The model initially sampled 700 household sizes (with replacement) from the exact distribution of household sizes in the trial [24]. Initial number with latent infection were sampled from a normal distribution generated by data from the literature [2, 25] (S1 text). The model was then simulated for 10 years with a MCMC sampled set of the four unknown parameters (pre-study period), capturing transmission within the household prior to enrolment in the household study. A random time point from over this 10-year period in which there was at least one active case with the same sensitivity as the initial case in the household (i.e. DS-TB or MDR-TB) was taken to be the time the household entered the study and the active index case was detected. This allows for simulation of changes in latency in the household and provides initial conditions dependent upon each parameter sample.

The above randomly chosen time point of entry to the study was taken to be the initial conditions for the simulation of the model that was fitted to the household study [17] (study period).
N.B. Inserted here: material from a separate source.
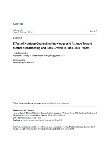 Masthalina, Herta (2018) Effect of Nutrition Counseling Knowledge and Attitude Toward Mother breastfeeding and Baby Growth in Sub Lubuk Pakam. Nutrition Counseling toward Knowledge and Attitude of Breastfeeding Mothers and Infant Growth in Lubuk Pakam Subdistrict, 12 (3). pp. 127-133. ISSN 2460-0601

The same values of the four unknown parameters was used as in the pre-study period and the simulation time for each household was randomly sampled (with replacement) from the exact distribution of follow-up times in the study (Figure S1). The only parameter that changed, to match the altered patient care in the study, was the case detection rate which increased for the study period from the WHO estimates to a screen occurring every 6 months (Table 2).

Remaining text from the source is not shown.